Microbial Network Analysis in R: A Complete Tutorial
This tutorial introduces the construction, visualization, and interpretation of microbial association networks using several commonly used approaches: correlation-based, distance-based, and probabilistic models. It is designed for users with introductory R knowledge and microbiome experience.
1. Introduction
Microbial communities consist of interacting populations whose relationships can be represented as networks.
- Nodes represent microbial taxa (OTUs/ASVs)
- Edges represent significant associations between taxa
Understanding these associations helps disentangle ecological processes, niche differentiation, and community assembly.
1.1 Types of microbial networks
Common approaches to infer pairwise microbial associations include:
- Correlation-based: Spearman, SparCC
- Distance-based: Bray–Curtis, Jaccard, Kullback–Leibler
- Probability-based: Veech model (co-occurrence probability)

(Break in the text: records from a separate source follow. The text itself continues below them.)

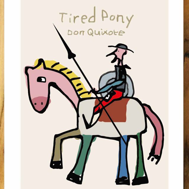 ご主人はドン・キホーテ ポニーさん疲れましたコミカルポスター。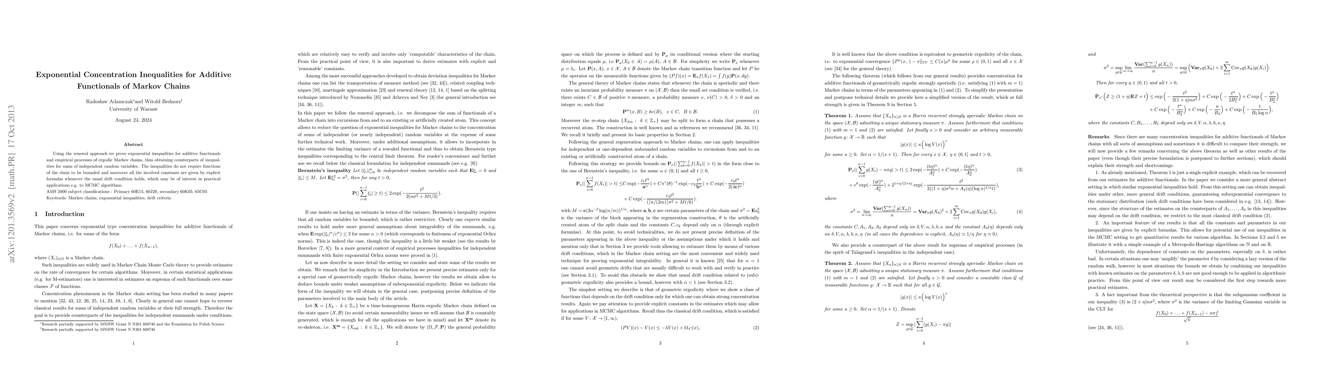 This paper proves exponential concentration inequalities for additive functionals and empirical processes of ergodic Markov chains, providing results analogous to those for sums of independent random variables without requiring boundedness of the functions. Explicit formulas for the involved constants under the usual drift condition are also provided, useful for practical applications like MCMC algorithms.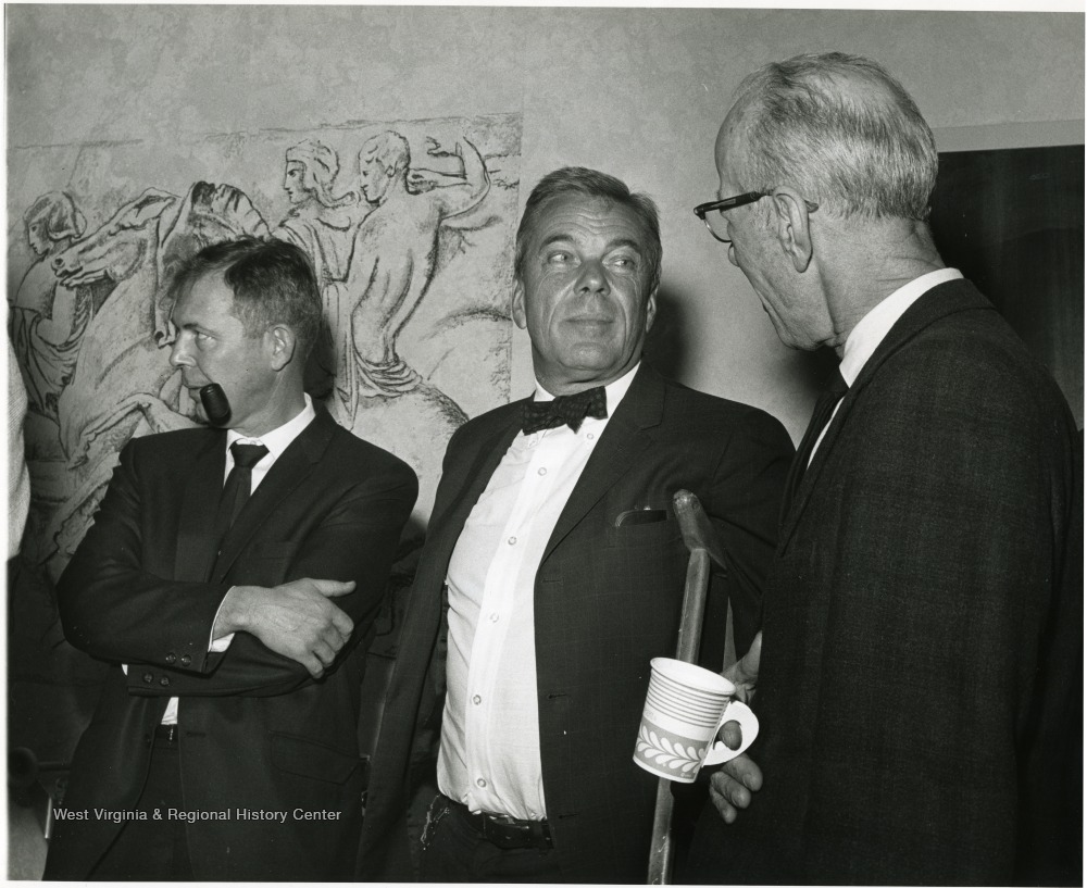 - Dr. T. H. Hunter, chancellor for medical affairs at the University of Virginia (center), is shown at the Nov. 28, 1967 seminar on the Future of Undergraduate Education at WVU, chatting with two WVU professors, Edward Steele, Jr., Prof. of History (left), and Earl Boggs, Prof. of Education, Director of Admissions, and Assistant to the President (right).'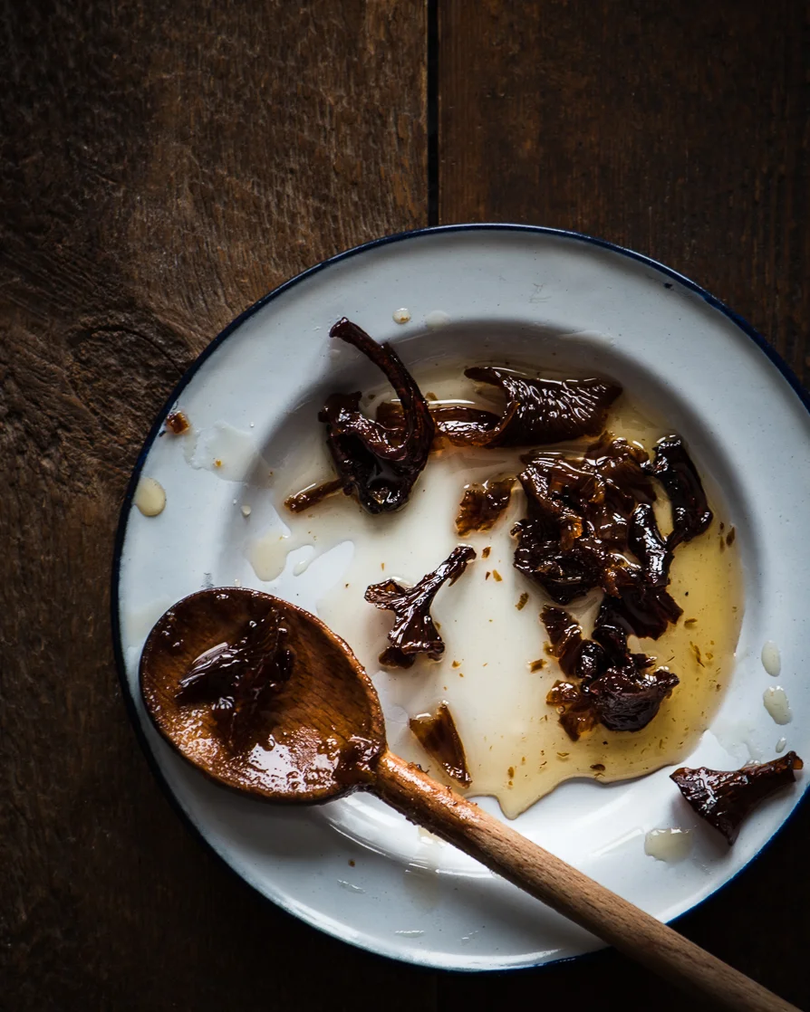20 g dried chanterelle mushrooms (Break larger mushrooms into smaller pieces. I find the smaller ones taste better as they get more ‘candied’.)

Each method captures different ecological signals and produces different network structures.
2. Requirements and Setup
2.1 Install required R packages
install.packages(c(
"ggplot2", "igraph", "reshape2", "Hmisc",
"vegan", "RColorBrewer", "pheatmap"
))
2.2 Load libraries
```library(ggplot2)
library(igraph)
library(reshape2)
library(Hmisc)
library(vegan)
library(RColorBrewer)
library(pheatmap)
```
3. Downloading the Tutorial Data
The tutorial uses six example files:
- otu_df.csv
- otu_df2.csv
- tax_df.csv
- tax_df2.csv
- meta_df.txt
- meta_df2.txt
Upload your files to GitHub, then replace URLs below.
3.1 Load the data
otu_df <- read.csv("https://raw.githubusercontent.com/<USER>/<REPO>/main/data/otu_df.csv", row.names = 1)
otut_df <- otu_df / rowSums(otu_df)
otu_df2 <- read.csv("https://raw.githubusercontent.com/<USER>/<REPO>/main/data/otu_df2.csv", row.names = 1)
otut_df2 <- otu_df2 / rowSums(otu_df2)
tax_df <- read.csv("https://raw.githubusercontent.com/<USER>/<REPO>/main/data/tax_df.csv", row.names = 1)
tax_df2 <- read.csv("https://raw.githubusercontent.com/<USER>/<REPO>/main/data/tax_df2.csv", row.names = 1)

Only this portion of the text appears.